Every once in a while, the TechEmpower Framework Benchmarks surface something that makes everyone involved squint at the numbers and say, “Wait… what?”
Round 23 had one of those.
On the face of it, nothing particularly dramatic had changed about the idea of the benchmarks. Same philosophy as always:
Choosing a web application framework involves evaluation of many factors. While comparatively easy to measure, performance is frequently given little consideration. We hope to help change that.
Application performance can be directly mapped to hosting dollars, and for companies both large and small, hosting costs can be a pain point. Weak performance can also cause premature and costly scale pain by requiring earlier optimization efforts and increased architectural complexity. Finally, slow applications yield poor user experience and may suffer penalties levied by search engines.
What if building an application on one framework meant that at the very best your hardware is suitable for one tenth as much load as it would be had you chosen a different framework?
That’s the north star for the project, and it hasn’t really changed.
What did change in R23 was that one set of tests, the spring-mongo implementations, looked much worse than anyone expected. Not “eh, that’s a little low” worse, but “this is probably pointing at a real problem” worse.
And because the internet is sometimes better than we deserve, the lead performance engineer at MongoDB noticed, reached out, and we ended up on a little adventure together.
MongoDB’s Java story in the benchmarks is represented by spring-mongo (a Spring-based implementation) as well as a few Node.js variants. In Round 22, the spring-mongo tests were not the fastest things on the planet, but they were in a reasonable ballpark.
By round 23, some of the spring-mongo results in our continuous benchmark environment (Citrine) had fallen off a cliff.
For one of the core tests (query) the numbers looked roughly like this (requests per second, spring-mongo only):
- Round 22: ~5.9k
- Round 23 baseline: ~583
That’s not noise. That’s a smoking gun.
At the same time, other frameworks and other MongoDB-based implementations weren’t seeing that same kind of collapse. That’s usually a hint that something environmental or configuration-related is going wrong, rather than “MongoDB suddenly became slow” or “Spring suddenly can’t talk to the database.”
This is where Ger Hartnett from MongoDB enters the story. Ger is the lead performance engineer at MongoDB, and he did exactly what I wish more vendors would do: he treated the weird benchmark as a bug report.
He emailed me and, very politely, started asking all the questions you’d expect a performance engineer to ask:
- “What’s the host hardware?” We’re running on a single Xeon 6330 box with 56 hyper-threaded cores.
- “What OD and kernel versions were used for R22 and R23?” Ubuntu 22.04 for R22 and 24.04 for R23; the host OS had also moved forward over time, and we hadn’t been explicitly encoding that in the results yet.
- “Can we get logs for
spring-mongo?” We recommend against enabling logging for “round runs” (I/O eats CPU), but the benchmark harness and public status pages make it possible to turn them on temporarily (via pull request) and then correlate them with specific continuous runs.
That kicked off a back-and-forth where we coordinated on where and how their team could safely tweak the spring-mongo implementations.
Meanwhile, MongoDB pulled in Intel to help analyze what was happening on their own lab hardware, including runs with and without “performance mode” enabled at the platform level.
So we now had three axes of investigation:
- The application and its configuration (the
spring-mongocode and connection settings)
- The database process and allocator behavior (MongoDB itself under Docker)
- The platform-level configuration (power/performance modes, etc., analyzed with tools like PerfSpect)
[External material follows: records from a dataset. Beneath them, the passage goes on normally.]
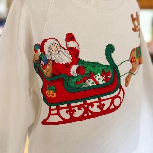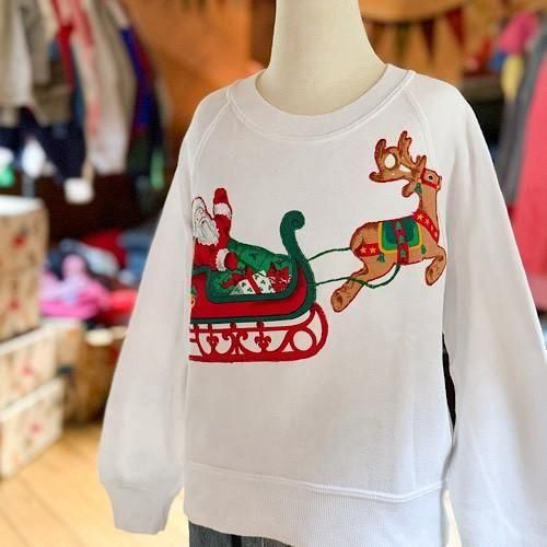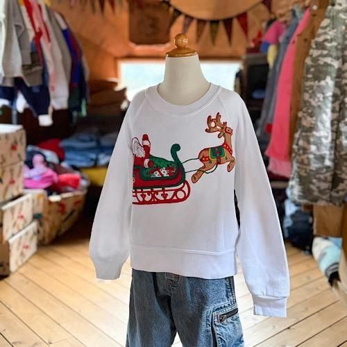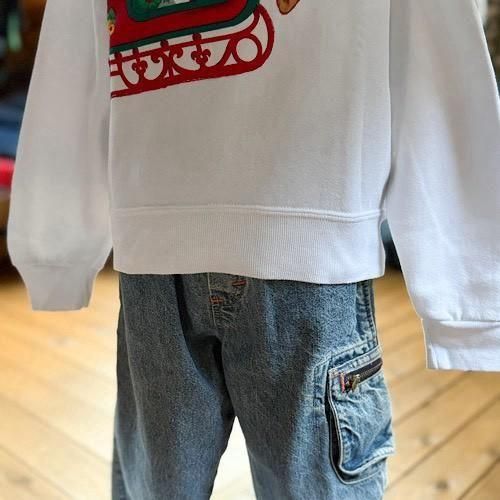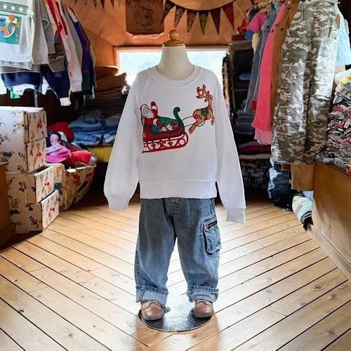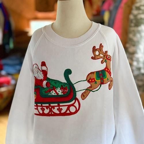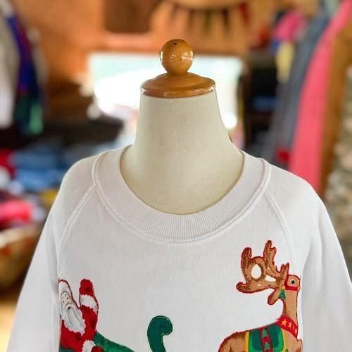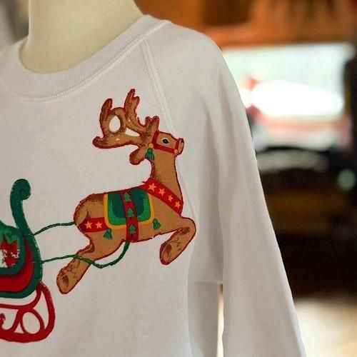 真っ白なホワイトボディに、サンタクロースが乗るソリとルドルフが大胆にレイアウトされたクリスマススウェット。プリントではなく、色柄生地を切り抜いて縫い付けたアップリケ仕様になっており、縁や赤が囲むようにステッチが入る凝ったつくりがポイント。フラットなプリントとは異なる、立体感のある表情がヴィンテージらしい存在感を放ちます。
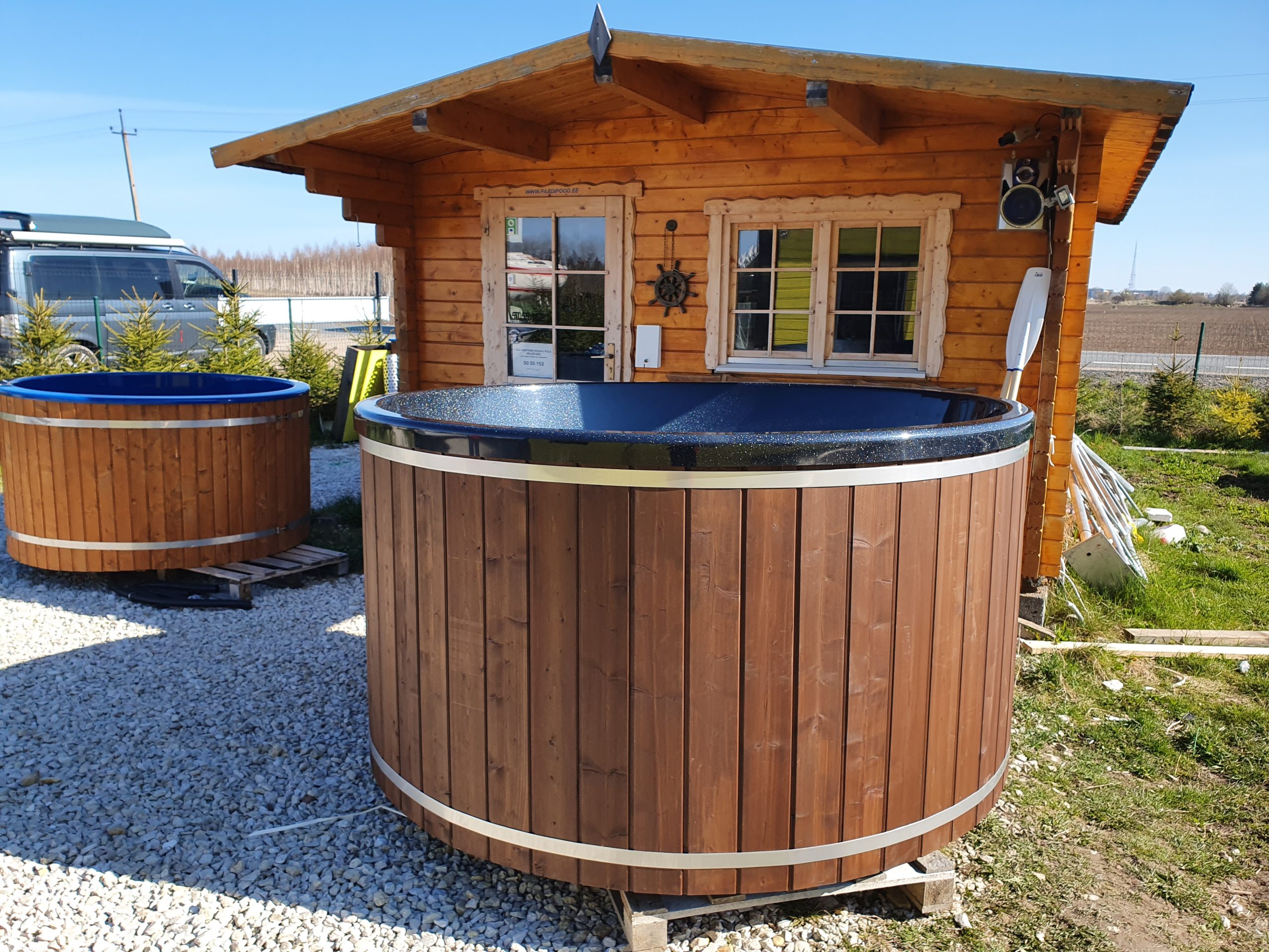 Предлагаем установку купели. Для точной цены установки просим связаться с нами. Купель хорошо устанавливать на ровную поверхность. Землю необходимо покрыть гравием или щебнем, для того чтобы достичь ровную поверхность и изолировать деревянную конструкцию от земли. Для регулировки можно также использовать силикатные кирпичи.
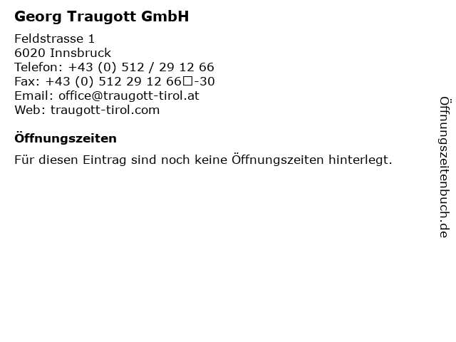 | Öffnungszeiten Georg Traugott GmbH in Innsbruck anzeigen | |
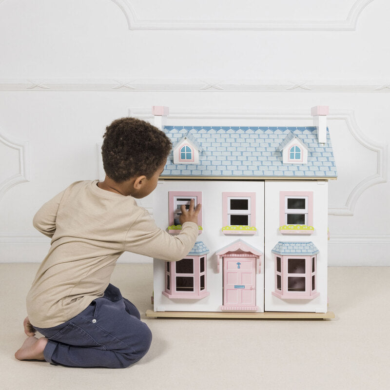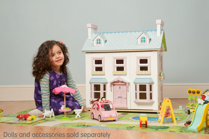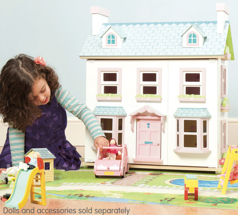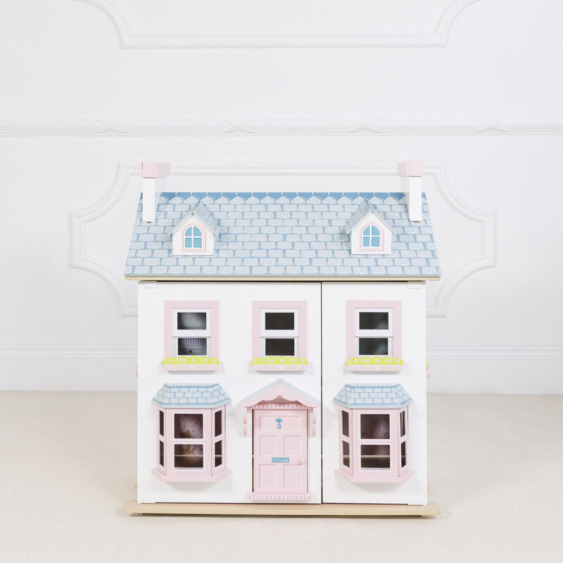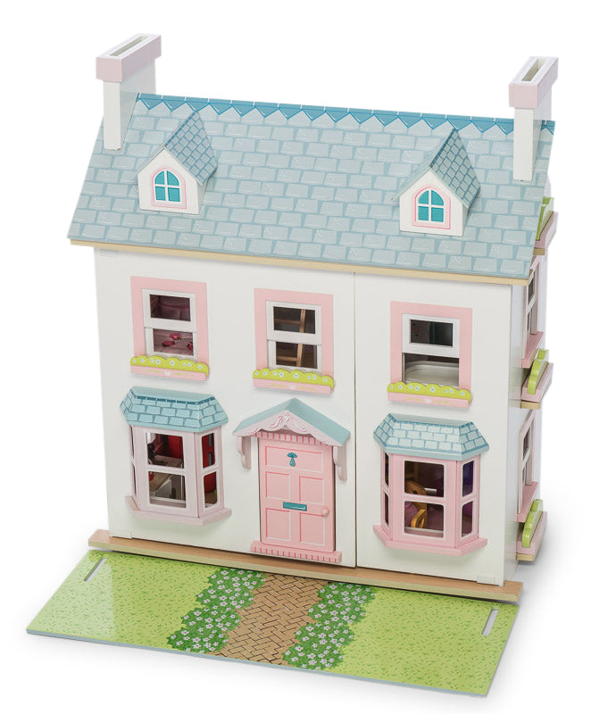 A deluxe, fully painted and decorated, large, three storey doll house with attic windows and chimney stacks. Features include large bay windows, room dividers, a loft ladder, opening sash windows, and a reversible roof panel to form a garden path.
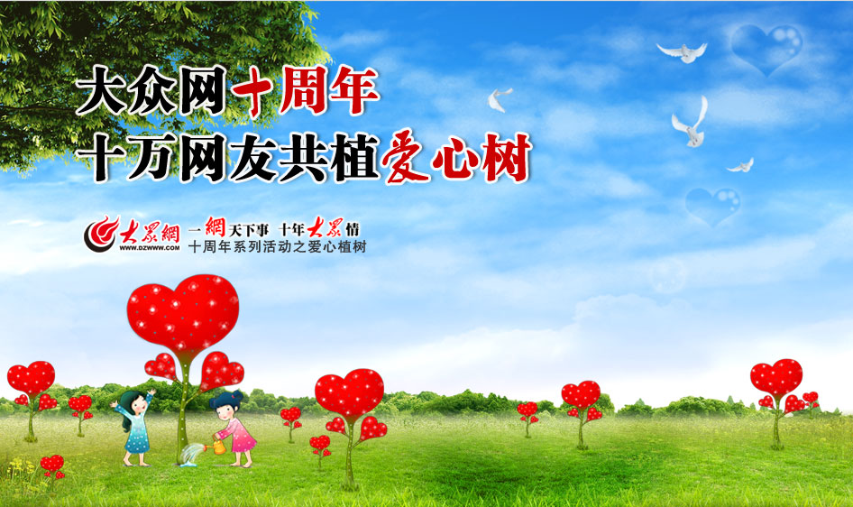 今天上午10時,大眾網主辦的“大眾網十周年十萬網友共植愛心樹”活動在濟南紅葉谷正式啟動。該活動在我省17個城市同時展開...[詳細]
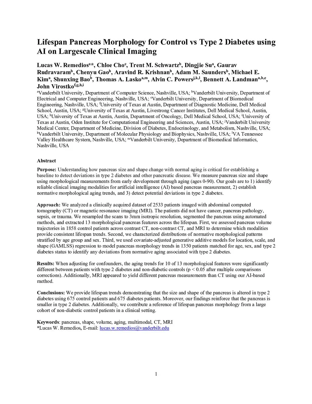 Lifespan Pancreas Morphology for Control vs Type 2 Diabetes using AI on Largescale Clinical Imaging
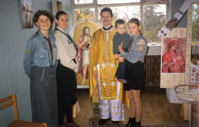 Пластуни: ст. пл. Зіна Беланюк, пл. розв. Саша Єрмошкіна, пл. уч.
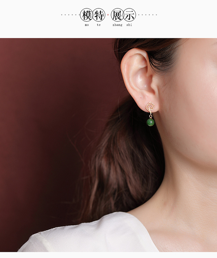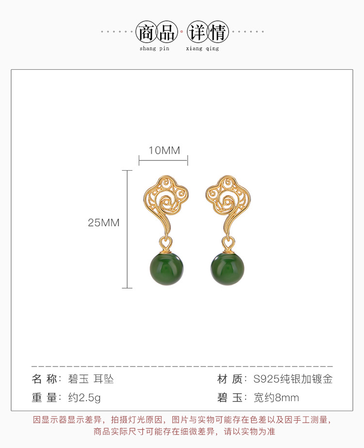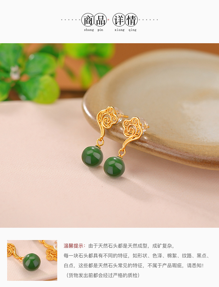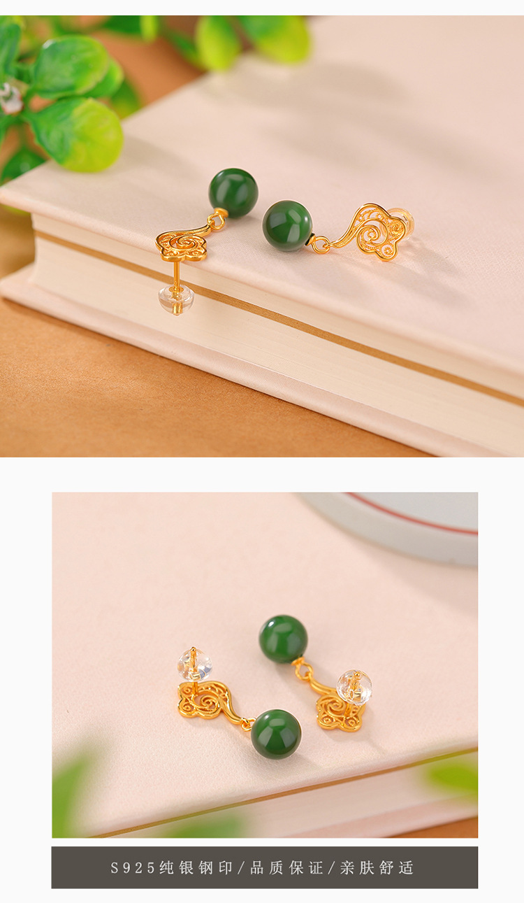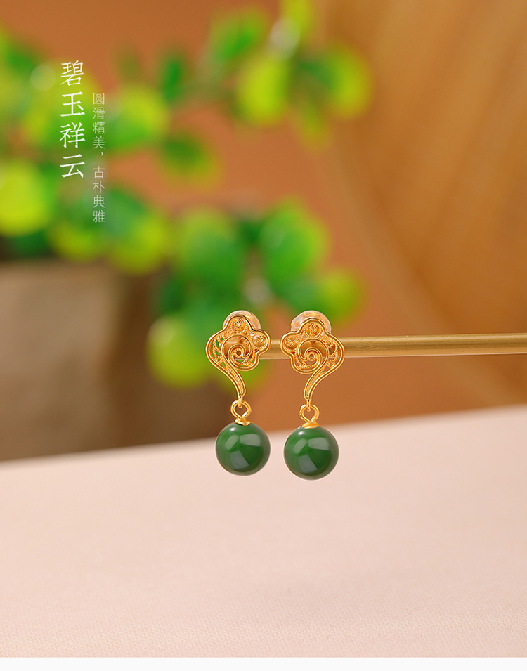 S925纯银镀金和田玉碧玉花丝祥云镂空圆珠耳钉耳坠CW
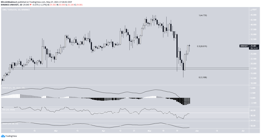 Uniswap (UNI) a rebondi à la zone de support de 17,50$ et a atteint le niveau de retracement de Fibonacci 0.5 à 29$.
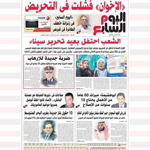 كما ابتعدت صحيفة “اليوم السابع” تماما عن ما جاء في اليوم من مظاهرات ومسيرات مناهضة للتنازل عن الجزيرتين، حيث جاء المانشيت “الإخوان تفشل في الحشد”، و”الشعب احتفل بعيد تحرير سيناء”.
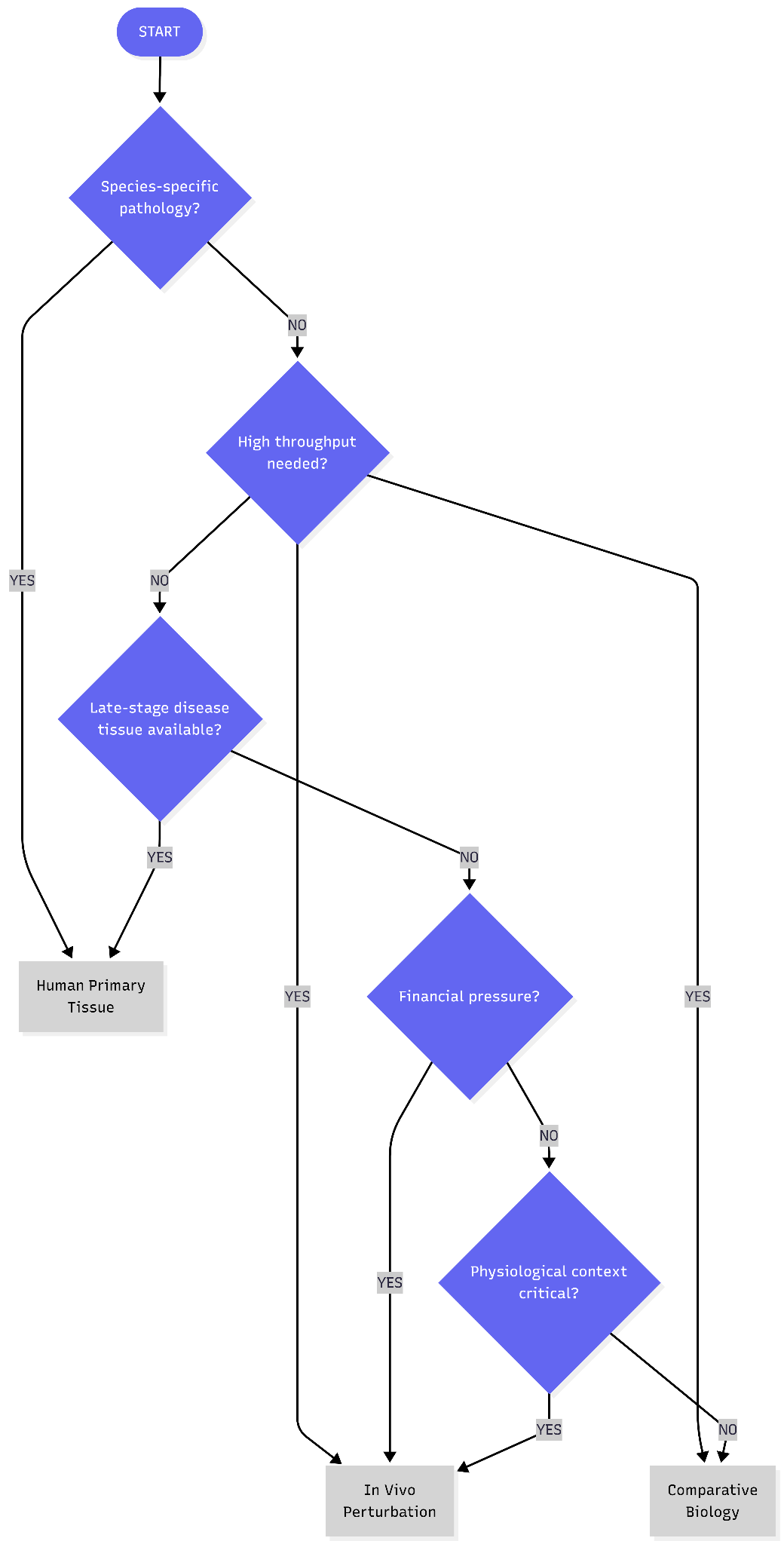 The platform choice reveals a testable hypothesis about chronic, age-related disease target identification: that physiological context is a NEED. Traditional 2D adipocyte cultures fail to recapitulate the insulin resistance phenotype central to metabolic disease; co-culture with macrophages in 3D systems is required to observe reduced glucose uptake and impaired GLUT4 translocation characteristic of inflamed adipose tissue. More fundamentally, in vitro systems, even sophisticated vascularized 3D adipose tissue models cannot fully replicate the in vivo environment as the constitutive elements (hormones, cytokines) exist at fixed concentrations rather than the dynamic, responsive levels found in living tissue.

The team ended up sending two pull requests:
- #10514 – a workaround for a MongoDB server issue involving TCMalloc per-CPU memory pools when running inside Docker containers.
- #10565 – changes to the way the
spring-mongoclient connects to the database, including adjustments tomaxPoolSizeand related options so the driver can actually make use of the available hardware.
Once both PRs were in and our continuous benchmarking pipeline had cranked through them, Ger sent a summary email with the numbers for spring-mongo:
| Test | R22 | R23 Baseline | TCMalloc Fix Only | ConnString \+ TCMalloc |
|---|---|---|---|---|
query |
5.9k | 583 | 837 | 14.2k |
db |
104k | 68k | 192k | 205k |
fortune |
22k | 59k | 167k | 188k |
update |
2.4k | 528 | 795 | 10.2k |
The query test went from 583 to 14.2k in our environment. That’s roughly a 25x relative to the Round 23 baseline, and significantly better than the Round 22 result. The other tests also improved substantially, especially once the allocator and pool configuration were both in a sane place.
This was not just about our benchmark setup. MongoDB and Intel ran the same workload in their own environments, with and without CPU “performance mode,” and saw similar patterns: the combination fixes make a huge difference.
I like stories where everyone comes out looking better in the end. MongoDB has a much stronger showing in the benchmarks, the benchmark implementations themselves improve as reference examples, and if you’re out there picking a stack for your next project, you get numbers that are closer to what’s actually possible when people who care about performance have had a chance to sharpen the edges.